Not only is the bassoon heavy, but finger positioning is notably difficult. Unlike clarinet or flute, where the instrument rests on a musician’s steady thumb, bassoonists’ supporting thumbs move to cover five different keys beneath the right hand and ten under the left. Many bassoonists run, bike, or swim, Roberts says, to stay fit enough in order to span the keys with agility.

“The same way athletes train, you have to train as performers, from the physical to the expressive side,” Roberts says.

Roberts’ technical abilities were shaped by former Juilliard instructors Arthur Weisberg, who honed her technical skills, and Stephen Maxym, who taught her how to play expressively. Now a teacher herself in Charlottesville, she finds herself reflecting on them in her own lessons.

“What is really nice about teaching music is you’re helping another human being find an expressive tool, and also come to know themselves as a person, so that they can then be better at whatever it is in life they want to be,” Roberts says.

During the bassoon concerto, Roberts will use her lyricism to introduce Hummel’s principal theme before drawing on her years of technical expertise during the rapid climb and tumble of complicated arpeggios.

“I think my strengths as a player are lyrical,” Roberts says. “When I get to play the slow movement, that’s where I feel like I really sing.”

Audiences will hear more of Roberts throughout the 2022-23 season, which will be split between UVA’s Old Cabell Hall and Charlottesville High School’s Martin Luther King Jr. Performing Arts Center.

Both present challenges for the orchestra.
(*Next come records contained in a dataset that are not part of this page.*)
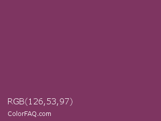 RGB 126,53,97 Color is a normal magenta color and the nearest color is Boysenberry #873260. Hex code #7e3561 and RGB value is rgb(126,53,97). In RGB color space, this color is composed of 49% red, 21% green, 38% blue, In CMYK color space, this color is composed of 0% cyan, 58% magenta, 23% yellow , 51% black , In HSL color space, this color has a hue angle of 324° , 41% saturation and 35% lightness.
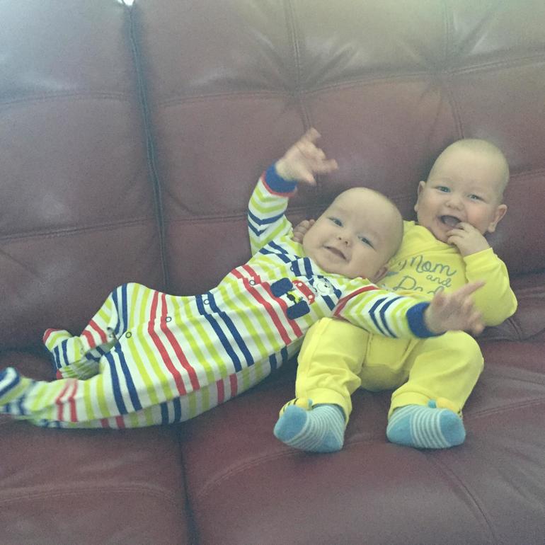 Так быстро пролетело время. А ангелочки стали уже такими большими: Костик 69,5 см 8565кг, Арсюшка 69 см 7965кг. Малыши во всю растут, кувыркаются, хахочат, болтают, даже слоги слышны типа: "МОМ, МО, ДИ , ГА, БУ")))
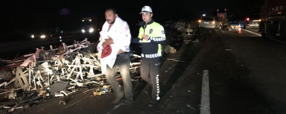 Olay, gece saatlerinde TEM Otoyolu Bolu kesimi, Köroğlu Park mevkiinde meydana geldi. Edinilen bilgiye göre, İstanbul istikametinde seyreden Musta Güngör kontrolündeki hurda yüklü TIR, şoförünün direksiyon hakimiyetini kaybetmesi sonucu yol kenarındaki bariyerlere çarpıp refüje düştü. Kaza sonucunda TIR’ın dorsesindeki hurdalar yola saçılırken, bu esnada aynı istikamette ilerleyen Sani Polat idaresindeki cip yola saçılan hurdalara çarptı. Çevredeki vatandaşlar kazayı 112 Acil ve Polis ekiplerine bildirdi.

Rous says crowd density can drastically change the acoustics of Old Cabell Hall, while the performing arts center presents more air to fill with sound.
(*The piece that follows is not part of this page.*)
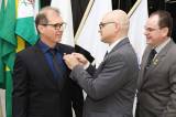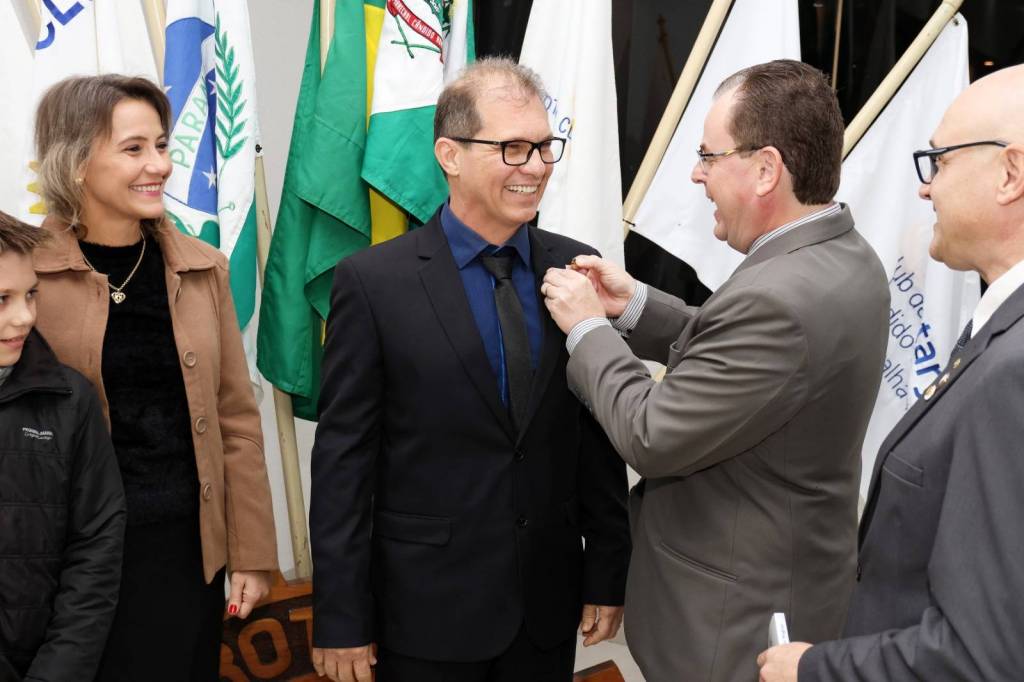 Um dos momentos marcantes da solenidade foi a entrega do título Companheiro Paul Harris ao rotariano Carlos Alexandro Becker, em reconhecimento à sua doação voluntária à Fundação Rotária, fortalecendo o legado da gestão que se encerra.

But neither obstacle is as great as what the orchestra has faced for the past few years.

“For so many of our students in the orchestra, for the first years and second years and even some of the third years, this will be their first time playing live with the full ensemble,” Roberts says.

COVID-19 protocols kept wind and brass players off the stage from the beginning of the pandemic to March 2021, making this the first time in three years the entire Charlottesville Symphony will begin the season.

“I told the orchestra in the first rehearsal,” Rous says, “that my guiding thought for the entire season was that it’s so exciting to be back together that I just wanted to have every time that we rehearse be a fun time, and to come from a place of joy for the whole season.”

In February, Charlottesville will hear one of Rous’ personal favorites, Anna Thorvaldsdottir’s “Metacosmos,” which the conductor describes as an “impressionistic landscape of Iceland.”

In April, the orchestra will feature a flute concerto by Christopher Rouse, a long-awaited piece which principal flutist Kelly Sulick was originally slated to play in April 2020 with the now-late Rouse in the audience.

And throughout the entirety of the season, audiences will be treated to old favorites from Beethoven to Brahms to Antonín Dvořák’s instantly-recognizable New World Symphony.

“I don’t usually program this much from the top 10 lists,” Rous says. “This season, I thought that I would lean in that direction a little more. And I think the result is going to be a lot of fun music that people already love, and will love to hear.”